I am well aware of the Toronto 17 case...a fact that was discovered later and rarely mentioned about the arrests was that it was staged managed from the start. The canadian coppers were the ones who actually provided the explosives to the lot and then proceeded to make the arrests.

A feather in the cap of Canada for fighting the war on terror...bollocks!

27 November, 2007 13:16

Blogger Sidhusaaheb said...

I believe that a good number of those involved in the 9/11 incident also came from wealthy backgrounds.

Could it be that there was an 'ideological vacuum' in the lives of these young men, which was, in a way, filled by all that their indoctrinators told them?

BTW, I believe undercover operations by the police often involve supplying drugs to those who deal in these and then catching them 'red-handed'. Not the perfect analogy perhaps, but it is the best one that I can think of, at the moment.

27 November, 2007 15:22

Anonymous the olive ream said...

I am aware that the police often supplies drugs to catch suspect drug suppliers BUT in the canadian case, (and as in many other cases of the war on terror) SUSPECTS are CREATED by supplying them with explosives, and then claiming that these are suspected terrorists.

There's a much bigger game at play here than just the clear aim of catching the nasty 'evil-doers'. Think about it.... Who has the most to lose if they aren't plenty of terrorists to catch?... What happens to the profit-making war on terror?

What I am saying is, that when they are'nt enough ligitimate terrorists to catch, they just make some up in order to keep this sordid war on terror going.

Thousands of world citizenry unlawfully arrested, detained and renditioned under the pretext of war on terror.

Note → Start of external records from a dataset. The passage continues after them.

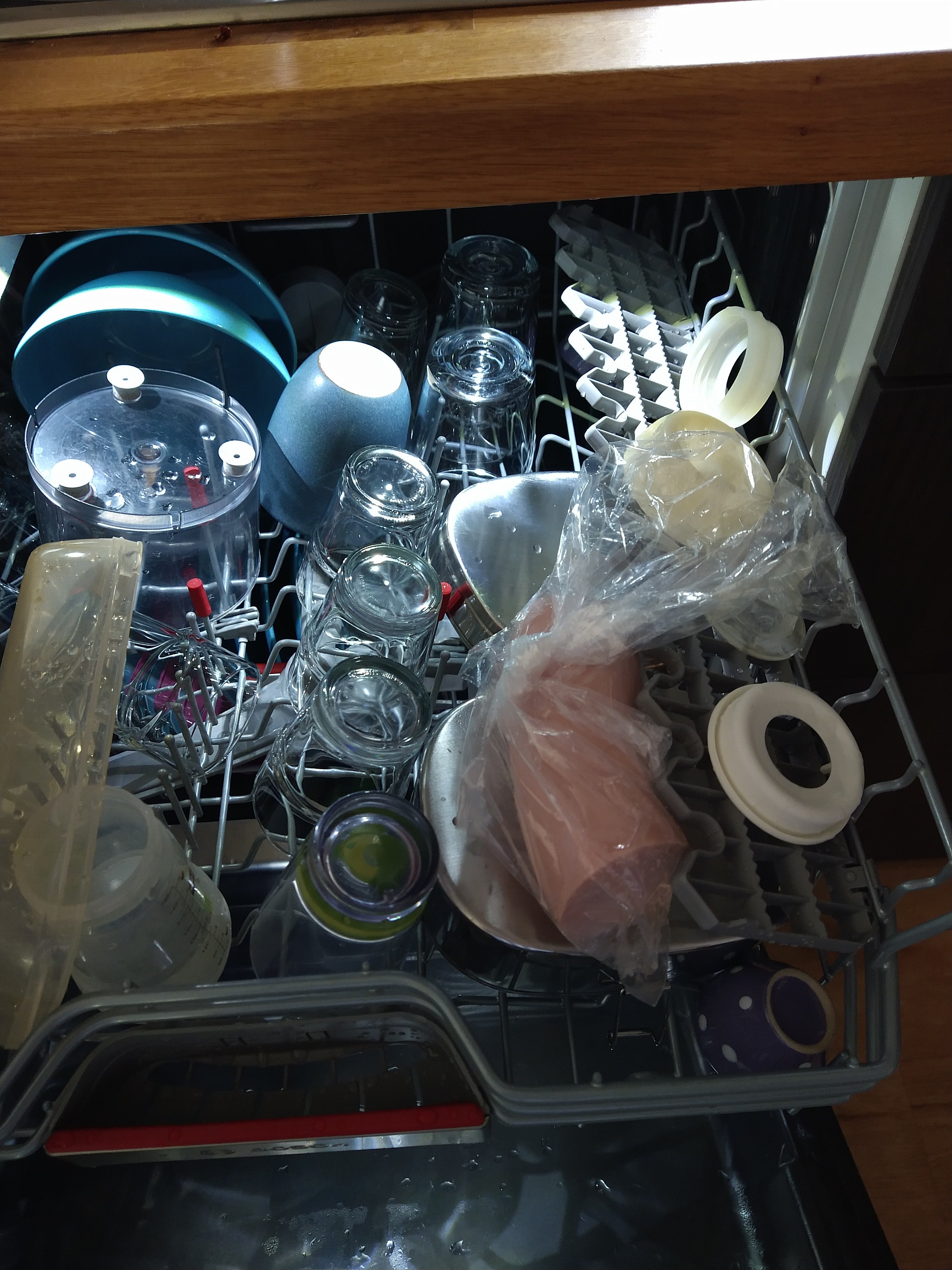 Vi brukar alltid öppna vår diskmaskin lite och låta disken svalna av innan vi tömmer den. Joakim tyckte det var ett perfekt ställe att tina falukorv, och ja det fungerade ju bevisligen väldigt bra!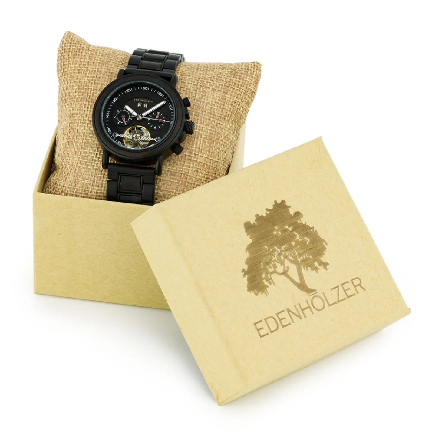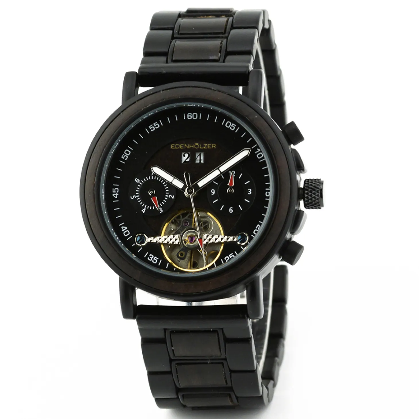 Produktinformationen „Edenhölzer Holzuhr Damen Armbanduhr Automatik Borneo Holzarmband Datumsanzeige“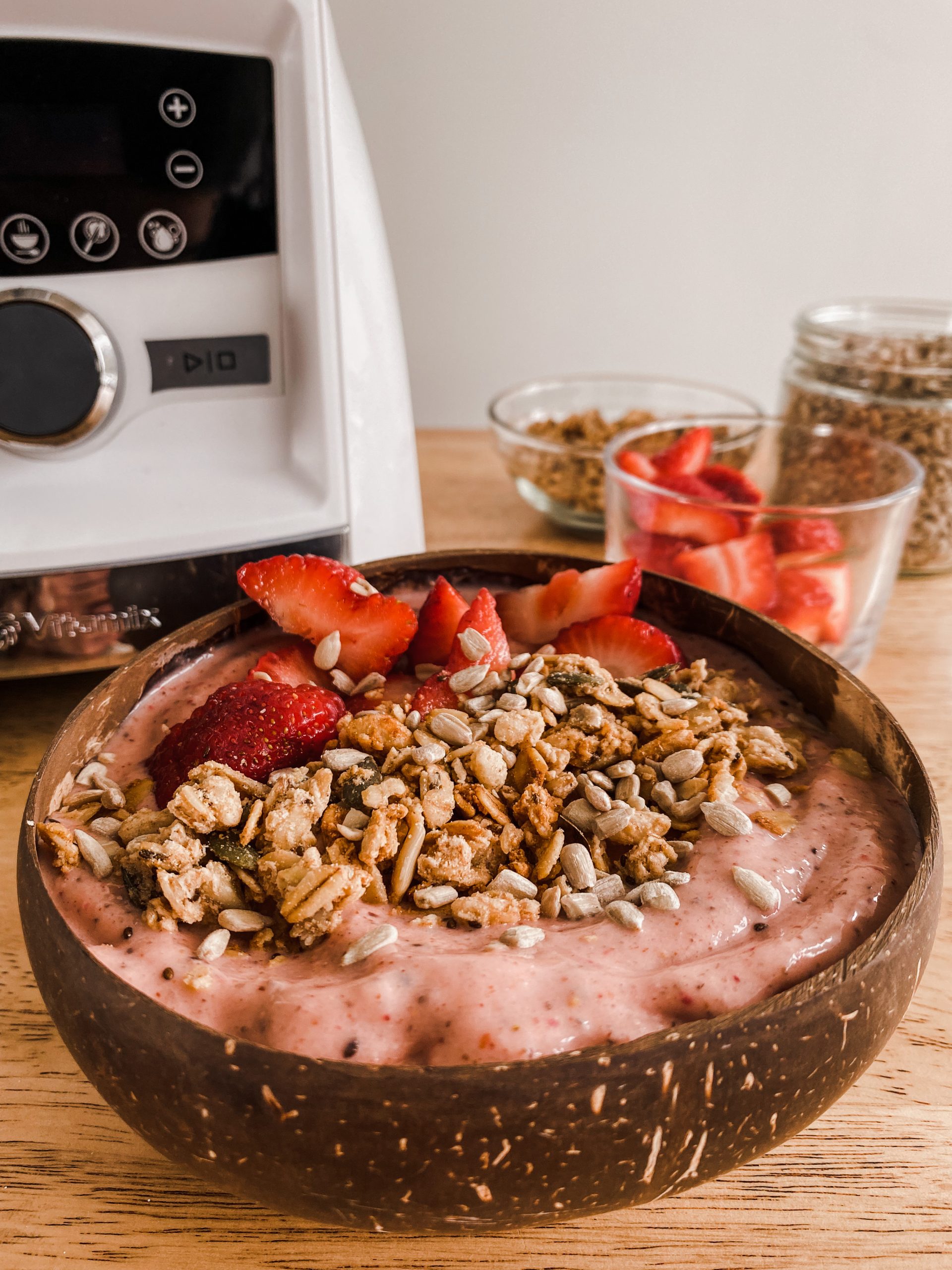 Le Vitamix Ascent A3500 me permet de cuisiner plusieurs recettes comme de délicieux bol de smoothie (voir recette ci-bas), des trempettes et tartinades, des soupes et potages, des sauces et des smoothies. Je pense sincèrement que le Vitamix Ascent A3500 permet de sauver du temps, apporte une tranquillité d’esprit quant à la qualité de nos recettes et permet de savourer des textures onctueuses et sublimes !
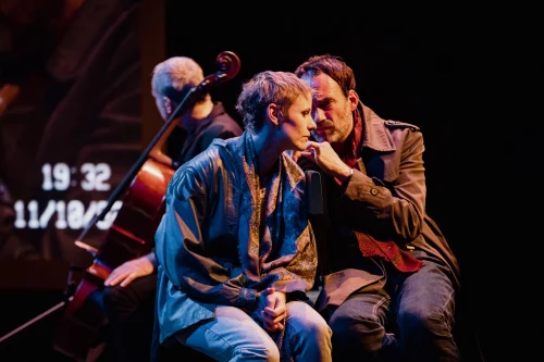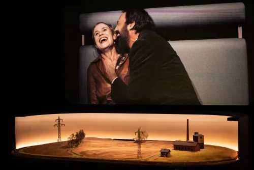 Sur la grande scène de la Comédie, dans la première histoire, à cour, un compartiment de train grandeur nature. Et à jardin, une toile de cinéma. Le dialogue en direct dans le wagon est filmé et retransmis sur l’écran. Amplification émotionnelle grâce aux gros plans sur les expressions de l’une, de l’autre. Focales qui permettent d’apprécier les riches nuances de jeu des artistes. Sous l’écran, un train miniature comme dans les chambres d’enfants. L’ensemble du dispositif est original et ingénieux. Il y a même un énigmatique chef de gare dans l’ombre. Sa présence interroge. Qui décide des aiguillages de nos vies ?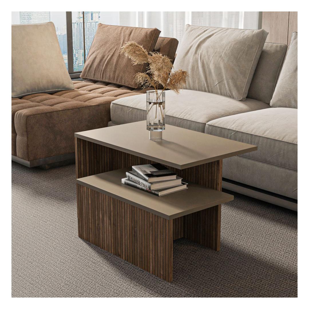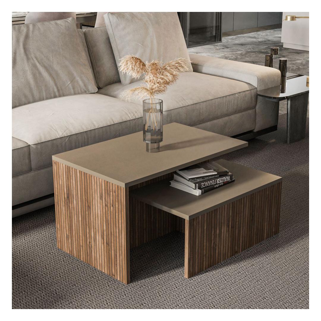 Nesting Table (2 Pieces) Twins - Taupe, Oak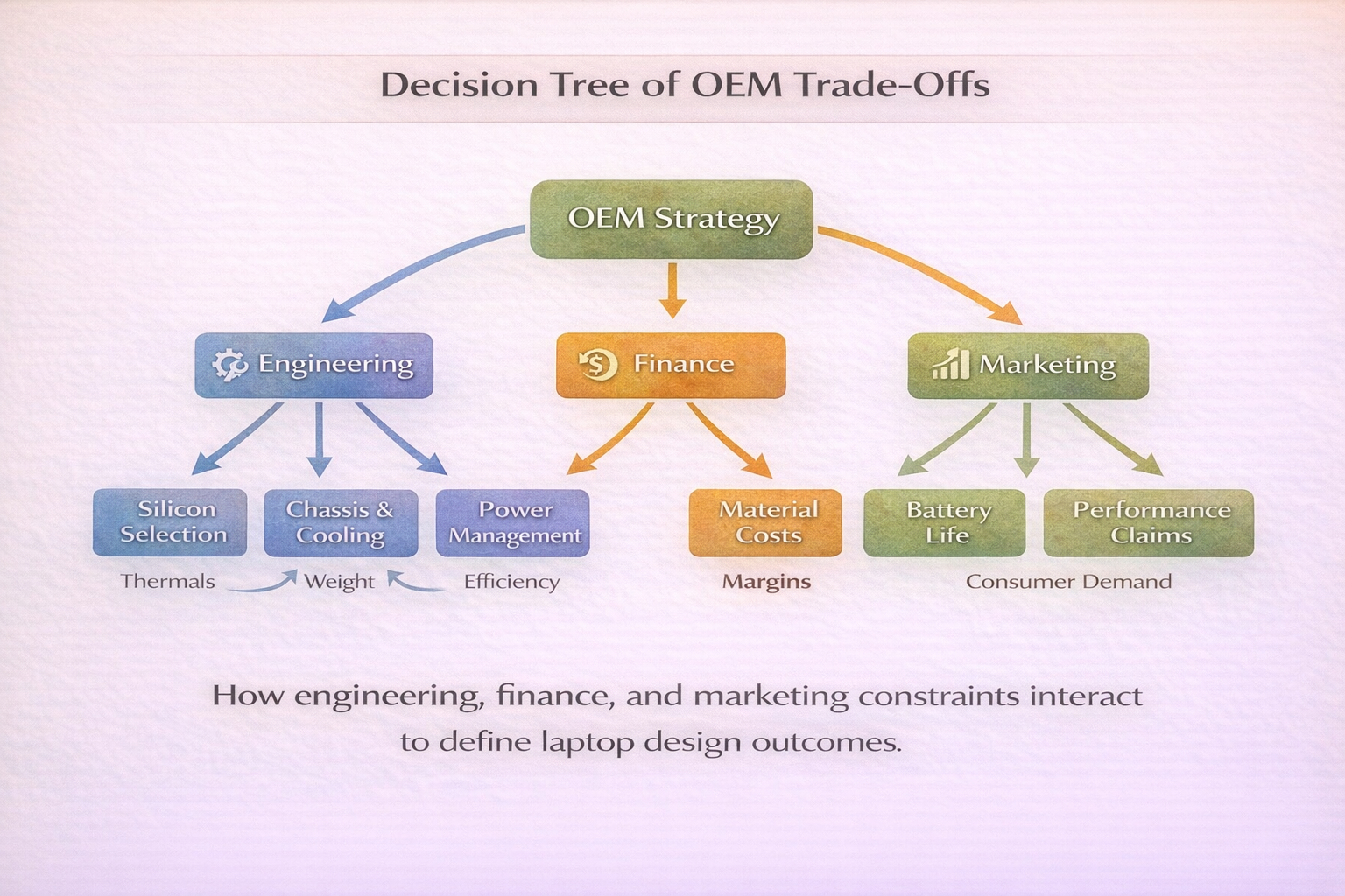 OEM decision-making is a negotiation among three primary forces: engineering, finance, and marketing. Each decision cascades: increase cooling, and weight rises, impacting portability. Extend battery life, and cost increases, affecting price points. Market wants sleek, premium devices, often ignoring thermal ceilings and long-term degradation.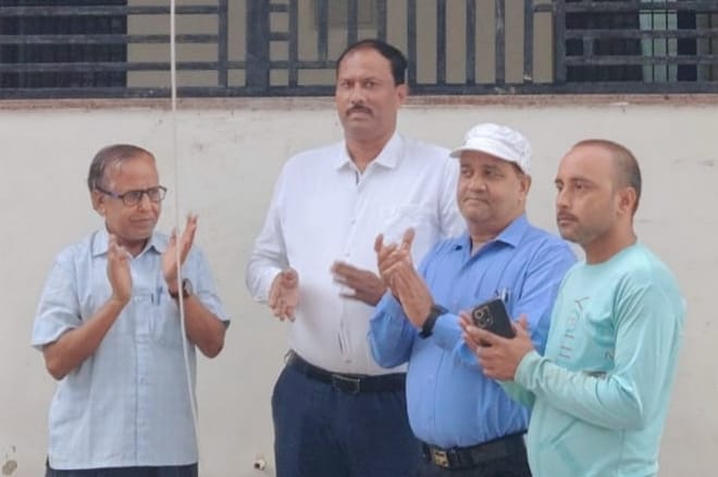 अंतरराष्ट्रीय मीडिया सेंटर में जिला सूचना अधिकारी श्री संतोष कुमार द्विवेदी जी ने किया झंडारोहण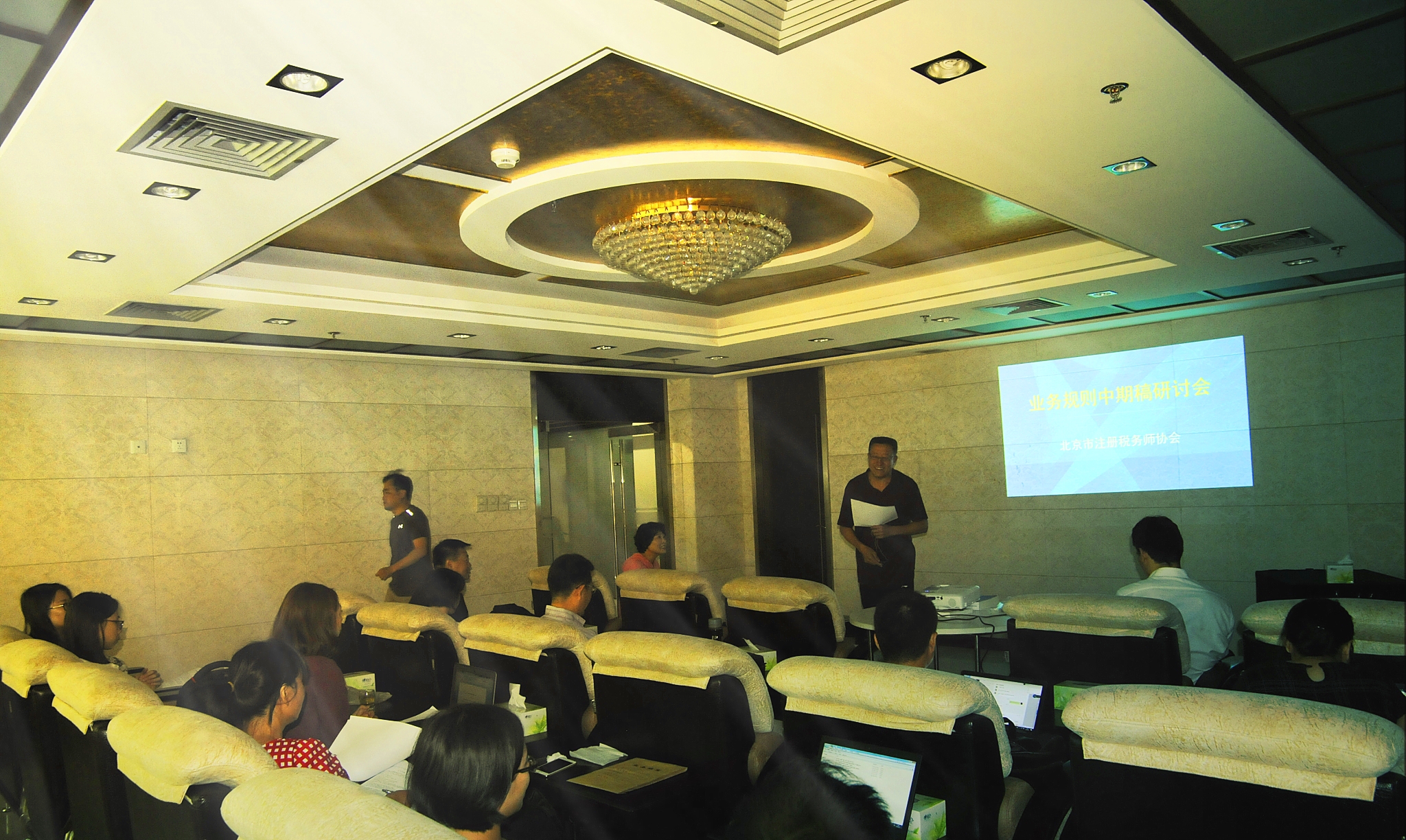 中期稿研討會由各項目組負責人對所制定業務規則進行文稿演示和重點講解,郭洪榮副會長根據各行業特點、規則的制定背景及相關要求,對內容進行逐條點評。他特別指出:在強調規則條款規范化的同時,一定要突出各規則項目的個性化差異,規范統一中要突出行業特點。研討中,郭洪榮副會長針對各項規則的具體情況,及時提出各項意見建議,幫助項目組拓展思路,對業務規則的進一步修改和完善起到了重要的指導作用。各項目組定于9月10前將修改后的業務規則中期稿如期交付中稅協。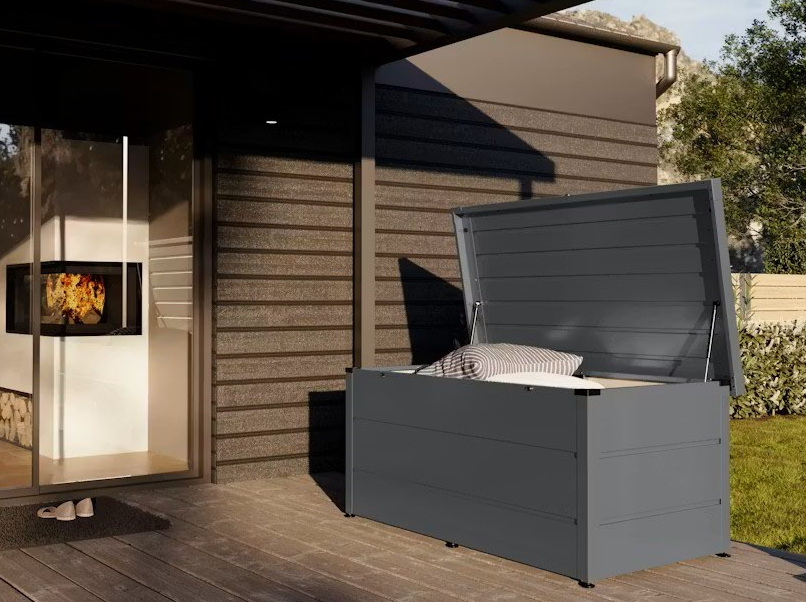 Takie parametry techniczne sprawiają, że przechowywane w niej przedmioty są chronione nie tylko przed deszczem czy wiatrem, ale również przed kradzieżą. Solidna konstrukcja sprawia, że skrzynia wygląda jak mebel ogrodowy, daje poczucie bezpieczeństwa przez cały sezon, idealnie wpisując się w nowoczesne aranżacje ogrodów i tarasów.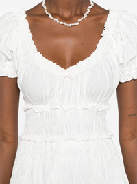Leanne midi dress Highlights - White - Organic cotton - Poplin texture - Frilled neckline - Short puff sleeves - Ruffle cuffs - Smocked waist - A-line skirt - Straight hem - Mid-length Imported Composition Organic Cotton 100% SIZE & FIT Model measurements Height 5 ft 10 in(1.78 m) Bust/Chest 31.49 in(80 cm) Hips 37 in(94 cm) Waist 23.62 in(60 cm) FittingInformation Designed to be unstructured, offering a loose fit throughout The elasticated waist allows for a comfortable fit Made from a lightweight non-stretch fabric Washing instructions Hand Wash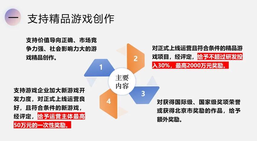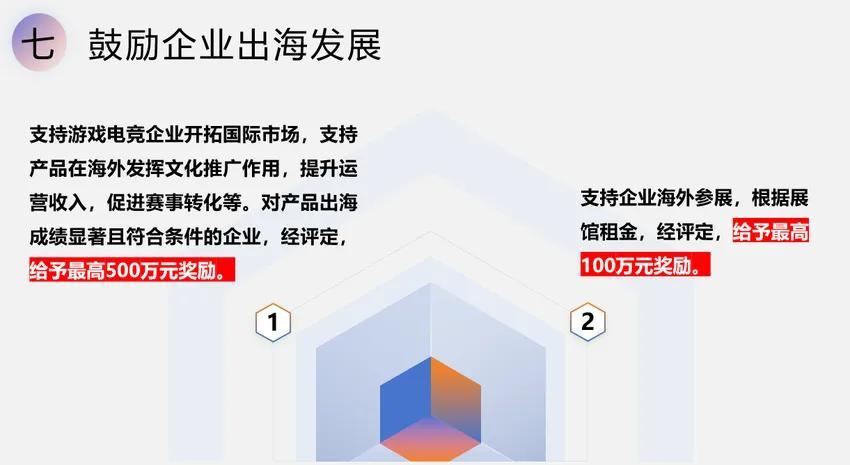 1、支持遊戲電競企業開拓國際市場,支持產品在海外發揮文化推廣作用,提升運營收入,促進賽事轉化等。對產品出海成績顯著且符合條件的企業,經評定,給予最高500萬元獎勵。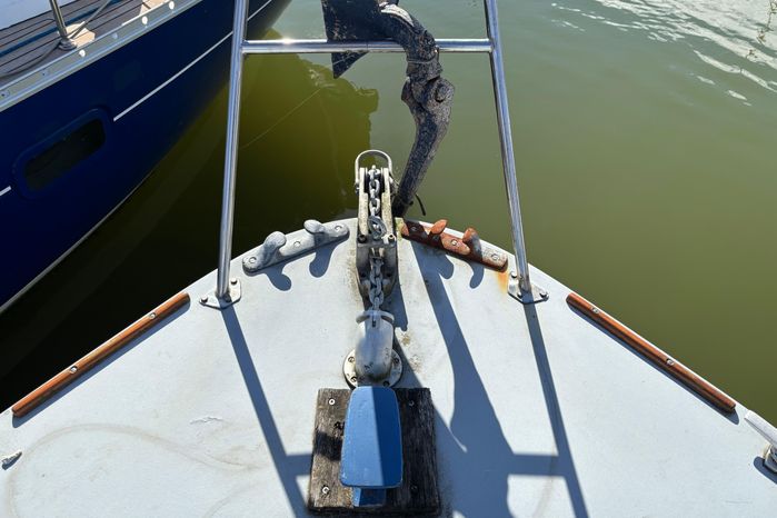 - Stainless steel pulpit, aft deck rails, cabin top rails and stern rails.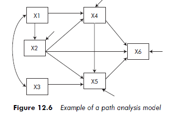 A model is said to be recursive if it has no bi-directional causal effect (that is, no causal relationship that is directly or indirectly reciprocal). While the terms can seem misleading, it should be noted that recursive models are unidirectional, and non-recursive models bi-directional. Recursive models occupy an important position in the history of causal models. One of the most well-known members of this family of methods, path analysis, uses only with recursive models. The other major characteristic of path analysis is that it only considers manifest variables. Path analysis is a case in point among causal models (Maruyama, 1998). Figure 12.6 presents an example of a path analysis model.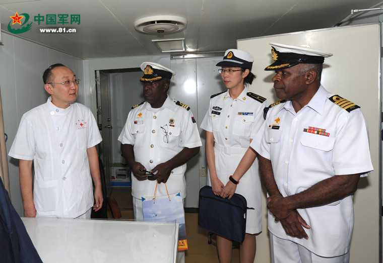 当地时间7月11日,在巴布亚新几内亚莫尔兹比港,巴布亚新几内亚军政官员参观中国海军和平方舟医院船。江山摄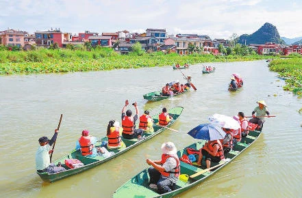 丘北縣普者黑秋日美景吸引游客前來泛舟。 記者 胡妤雅 攝

How much safer does anyone feel?

28 November, 2007 12:26

Blogger Vic said...

War on Drugs, War on Terror: how about a war on empty-headedness?

Not so long ago, a popular American term for elected politicians manouvering public funds to one's own constituency was called 'boondoggling' (I don't know why, but I suppose Wikipedia may have a clue) - wasting time and money, but winning votes - Ah! what steadfastness of purpose!

[OK OK - I looked it up, and what serendipity - the term refers to a lanyard knot, boy scouts and sailors use them!]

Nowadays, there's no need to boondoggle, the entire pork barrel (another popular term, although it may appear a little indelicate to some) and the pallet it came on are simply wafted away under the laughable all-purpose labels 'national security', 'public good' and other such vapid words (vapid in usage, not meaning).

Mr (or is it Dr?) Dalrymple specialises in adopting a 'good ol' fellow' kind of homespun language in his columns (much easier to read than lengthy waffles on books). I have noticed that he tends to over-simplify a lot of the time. And of course, that does sort of allow one's little prejudices to slip out now and then, doesn't it?